Die Größe der Gussformen die mit FFF 3D-Druck hergestellt werden wird von der Tatsache beschränkt, dass Objekte mit einem Volumen im Bereich von 200 mm x 200 mm x 200 mm am besten gedruckt werden können; oberhalb dieser Größe steigen die Herausforderungen an die Maßhaltigkeit enorm. Obwohl FFF 3D-Drucker mit einem effektiven Bauraumvolumen von 1 m³ bereits existieren, bleibt die Beherrschung der Bauteiltoleranzen in dieser Größe noch eine Herausforderung. Zudem können Gussformmerkmale mit einer Breite unterhalb 0,5 mm durch einen FFF 3D-Drucker schwierig herzustellen sein. Hier wird ein Nachbearbeitungsschritt wie Bohren oder Materialabtragung notwendig, um den Design-Richtlinien gerecht zu werden.
Aufgrund der Zusammensetzung der Polymere erlauben die thermische Wechselbeanspruchung und die mechanische Belastung während des Spritzgussprozesses nur eine begrenzte Verwendung des Gussformmaterials. Die thermisch-mechanische Ermüdung durch diese zyklischen Prozesse führt zu einem strukturellen Versagen des Materials. Daher ist die Anzahl der Einspritzungen abhängig vom Gussformpolymer auf 50 bis 100 Mal begrenzt; im Vergleich zu Formeinsätzen aus Metallen, die Einspritzungen bis zu 10.000 Mal ermöglichen. Dies ist der Grund, weshalb mit der FFF 3D-Druck-Technologie hergestellte Formeinsätze nicht für die Massenfertigung von Spritzgussteilen gedacht sind.
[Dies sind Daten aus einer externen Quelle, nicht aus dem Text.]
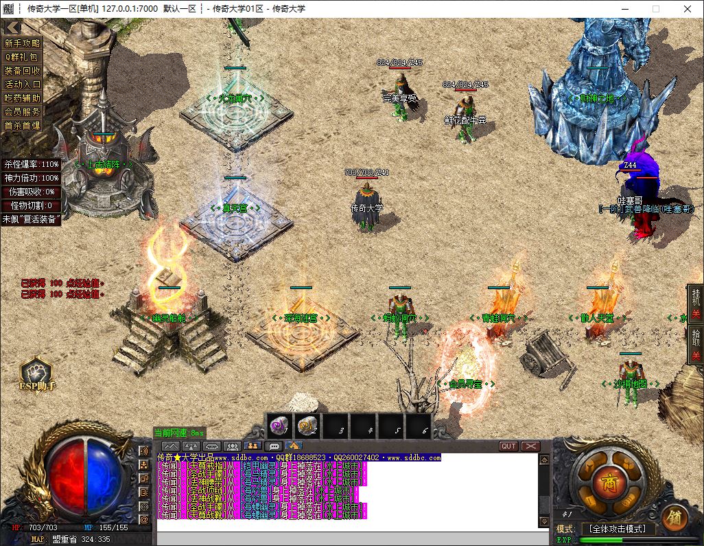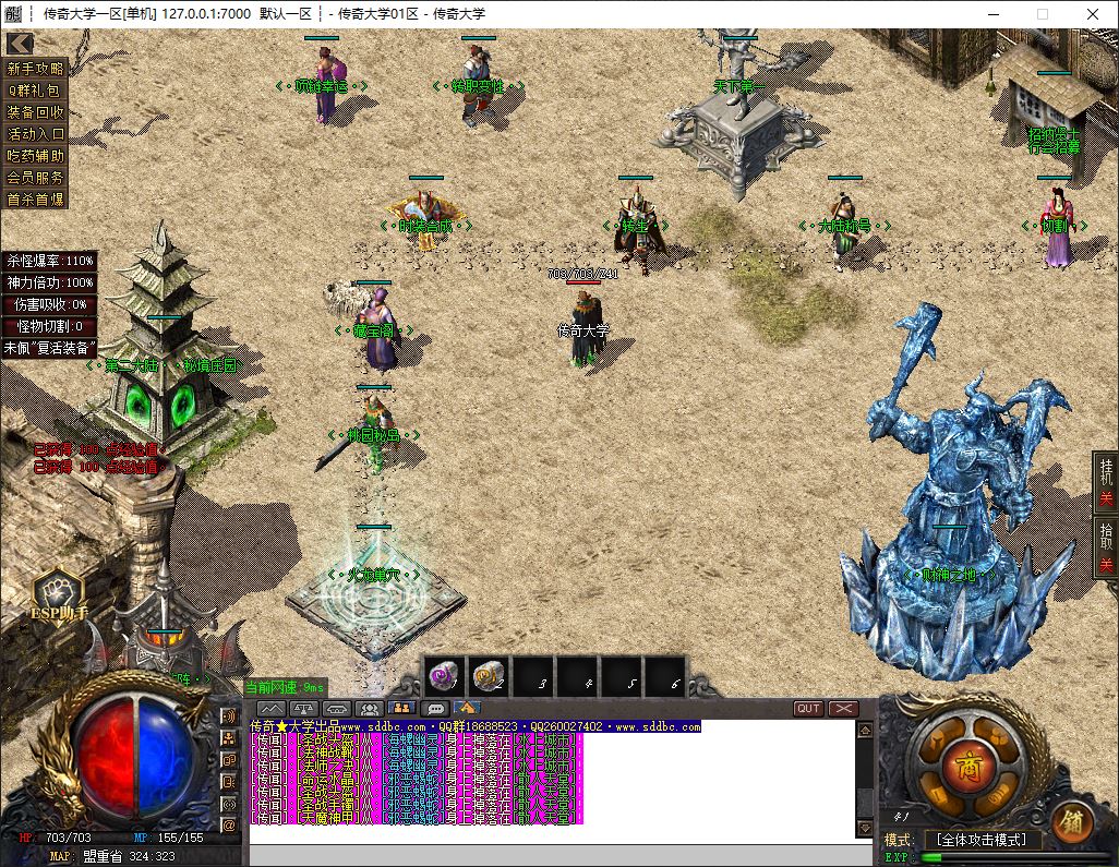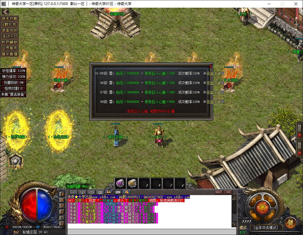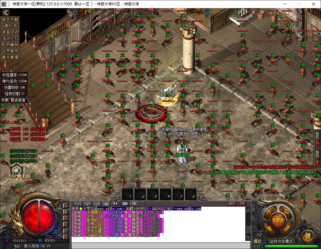 1.兑换Q群礼包:送回血宝石+最新技能书,上线自动激活自动捡物功能

Die Unternehmensstrategie für FFF 3D-gedruckte Formeinsätze
Die derzeitige Herstellung von Spritzgussformen ist zeit- und kostenintensiv. Das liegt daran, dass das Design der Gussformen mit einem großen Zeitaufwand verbunden ist, aus einem metallischen Halbzeug gefräst werden muss, geprüft und dann in die Produktionslinie eingesetzt werden kann. Laut einiger Berichte kann die Zeit, die für die Produktion einer Gussform durch traditionelle Herstellungsarten, wie beispielsweise Zerspanung, benötigt wird, um bis zu 90% reduziert werden, wenn hierfür 3D-Druck-Technologie verwendet würde. Zudem könnten durch die Nutzung des 3D-Drucks die gesamten Herstellungskosten um bis zu 70% gesenkt werden. Dies ist eine enorme Reduktion der Entwicklungs- und Herstellungskosten. Aus diesem Grund und ungeachtet der Einschränkungen in Bezug auf FFF 3D-gedruckte Gussformen, ist es offensichtlich, dass 3D-gedruckte Formeinsätze entscheidende Vorteile für die Wirtschaftlichkeit jener Unternehmen bieten, welche im Spritzguss tätig sind.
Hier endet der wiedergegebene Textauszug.